> _STORED DATA_:
══════════════════════════════

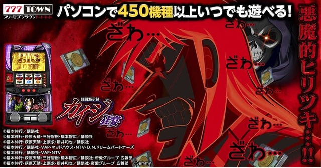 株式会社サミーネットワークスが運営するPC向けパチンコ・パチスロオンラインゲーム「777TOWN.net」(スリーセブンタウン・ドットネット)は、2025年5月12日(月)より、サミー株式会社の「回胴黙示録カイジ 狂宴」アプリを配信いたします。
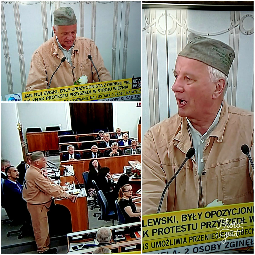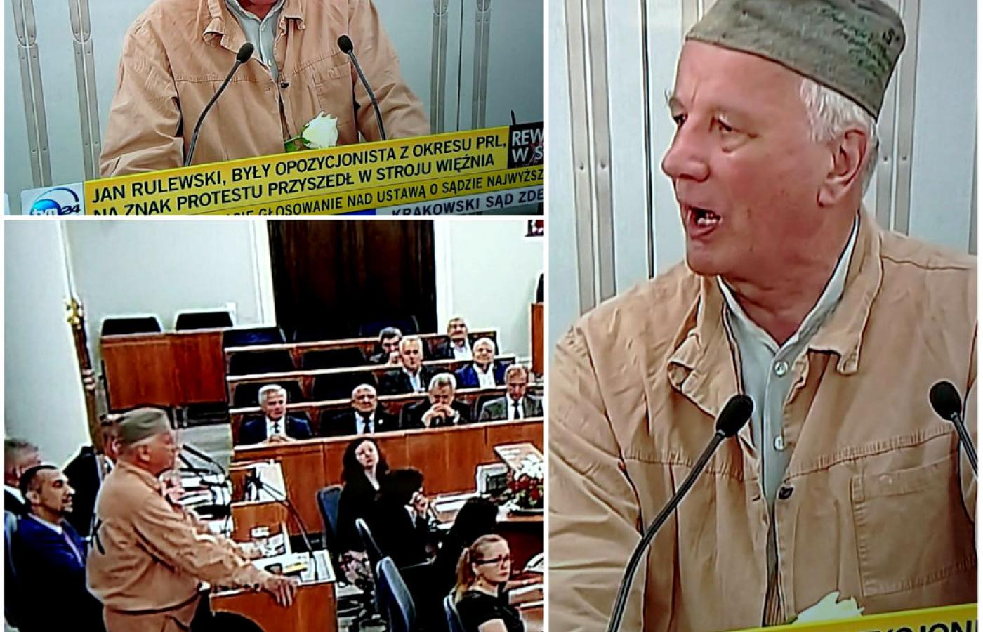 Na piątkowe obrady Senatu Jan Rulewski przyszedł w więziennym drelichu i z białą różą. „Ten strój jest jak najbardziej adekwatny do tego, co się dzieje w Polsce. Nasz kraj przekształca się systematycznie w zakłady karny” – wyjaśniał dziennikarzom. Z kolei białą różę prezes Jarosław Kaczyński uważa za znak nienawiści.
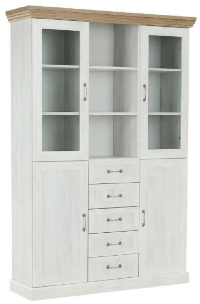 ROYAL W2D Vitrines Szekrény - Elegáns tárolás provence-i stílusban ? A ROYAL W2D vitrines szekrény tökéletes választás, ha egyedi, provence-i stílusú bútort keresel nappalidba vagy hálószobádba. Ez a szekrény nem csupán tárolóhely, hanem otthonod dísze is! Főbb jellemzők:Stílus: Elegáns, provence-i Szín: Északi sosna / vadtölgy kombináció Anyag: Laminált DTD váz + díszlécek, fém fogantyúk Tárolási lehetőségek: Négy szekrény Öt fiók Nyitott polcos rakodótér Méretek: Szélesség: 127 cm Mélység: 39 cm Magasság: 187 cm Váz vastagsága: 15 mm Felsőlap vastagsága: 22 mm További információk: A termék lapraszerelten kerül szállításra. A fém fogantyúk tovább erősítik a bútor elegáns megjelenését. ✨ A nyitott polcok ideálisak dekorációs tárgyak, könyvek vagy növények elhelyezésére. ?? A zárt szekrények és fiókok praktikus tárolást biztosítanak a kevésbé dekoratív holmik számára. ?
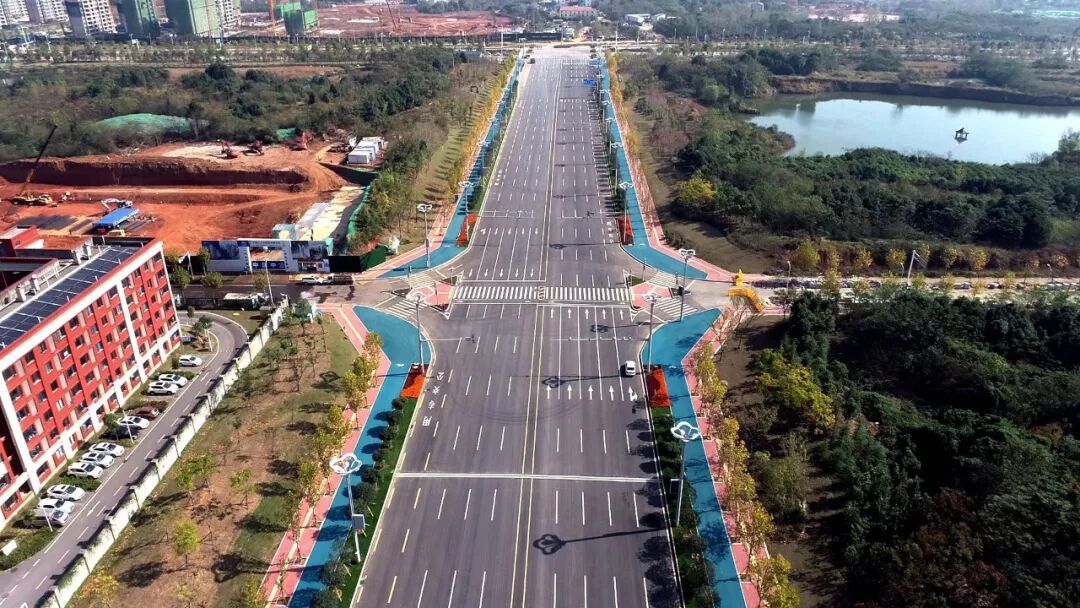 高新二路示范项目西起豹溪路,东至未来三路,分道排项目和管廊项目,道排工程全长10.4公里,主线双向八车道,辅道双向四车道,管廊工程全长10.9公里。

══════════════════════════════

> _WHAT THE TASK ASKS_: Return an exact copy of the data above, apart from any pictures.

> _RESPONSE TO THE EXERCISE_:
 株式会社サミーネットワークスが運営するPC向けパチンコ・パチスロオンラインゲーム「777TOWN.net」(スリーセブンタウン・ドットネット)は、2025年5月12日(月)より、サミー株式会社の「回胴黙示録カイジ 狂宴」アプリを配信いたします。
 Na piątkowe obrady Senatu Jan Rulewski przyszedł w więziennym drelichu i z białą różą. „Ten strój jest jak najbardziej adekwatny do tego, co się dzieje w Polsce. Nasz kraj przekształca się systematycznie w zakłady karny” – wyjaśniał dziennikarzom. Z kolei białą różę prezes Jarosław Kaczyński uważa za znak nienawiści.
 ROYAL W2D Vitrines Szekrény - Elegáns tárolás provence-i stílusban ? A ROYAL W2D vitrines szekrény tökéletes választás, ha egyedi, provence-i stílusú bútort keresel nappalidba vagy hálószobádba. Ez a szekrény nem csupán tárolóhely, hanem otthonod dísze is! Főbb jellemzők:Stílus: Elegáns, provence-i Szín: Északi sosna / vadtölgy kombináció Anyag: Laminált DTD váz + díszlécek, fém fogantyúk Tárolási lehetőségek: Négy szekrény Öt fiók Nyitott polcos rakodótér Méretek: Szélesség: 127 cm Mélység: 39 cm Magasság: 187 cm Váz vastagsága: 15 mm Felsőlap vastagsága: 22 mm További információk: A termék lapraszerelten kerül szállításra. A fém fogantyúk tovább erősítik a bútor elegáns megjelenését. ✨ A nyitott polcok ideálisak dekorációs tárgyak, könyvek vagy növények elhelyezésére. ?? A zárt szekrények és fiókok praktikus tárolást biztosítanak a kevésbé dekoratív holmik számára. ?
 高新二路示范项目西起豹溪路,东至未来三路,分道排项目和管廊项目,道排工程全长10.4公里,主线双向八车道,辅道双向四车道,管廊工程全长10.9公里。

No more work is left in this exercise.